In August of 2009, Sarah Palin claimed that the health legislation being crafted by Democrats at the time would create a “death panel,” in which government bureaucrats would decide whether disabled and elderly patients are “worthy of healthcare.” Despite being debunked by fact-checkers and mainstream media outlets, this myth has persisted, with almost half of Americans stating recently that they believe the Affordable Care Act (ACA) creates such a panel.
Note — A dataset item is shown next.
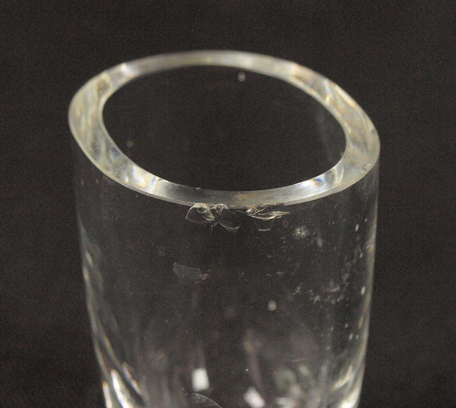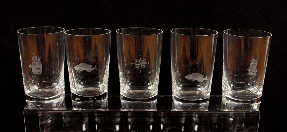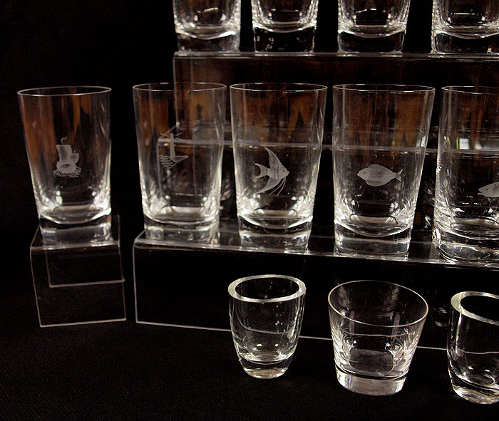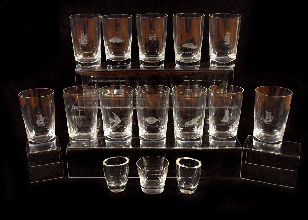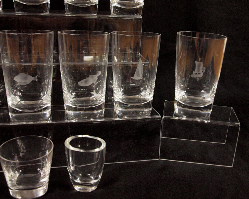 ORREFORS CRYSTAL TUMBLERS: 25 pieces to include 12 tumblers (5 1/8''), 11 juice tumblers(2 1/2'') and 2 toothpick holders. The tall tumblers are each etched.

The death panel myth killed neither the ACA nor Obama’s reelection bid. But persistence of this myth could threaten the Obama administration’s efforts to implement the law, because many of its most controversial features are scheduled to be implemented over the next few years. Why is the death panel myth so hard to shake and why is its persistence relevant to the unfolding of Obamacare?
In part, the myth is hard to shake because most people have a very poor understanding of the complex law. The ACA tries to increase access to health insurance through a bewildering combination of Medicaid expansions, private insurance subsidies, health insurance exchanges, and the infamous health insurance mandate. It attempts to improve healthcare quality through things such as reimbursement reforms and promotion of electronic medical records. And it encourages the formation of more efficient healthcare organizations, with inscrutable names like “accountable care organizations” and “medical homes”.
The myth is also likely to persist because the law calls for the establishment of a 15 person committee– the independent payment advisory board (or IPAB)–which is given the job of recommending cost-saving measures to the Secretary of Health and Human Services if Medicare expenses rise too quickly. The IPAB will consist of independent healthcare experts who are forbidden, by law, from proposing changes that will affect Medicare coverage or quality.
In other words, they are a far cry from a death panel, with the ACA specifically noting that this group is not allowed to do anything that would “ration” healthcare. The law also makes sure that the IPAB is not in a position to make policy, but instead to simply make recommendations to the Secretary of Health and Human Services, proposals that Congress is specifically empowered to override if it sees fit.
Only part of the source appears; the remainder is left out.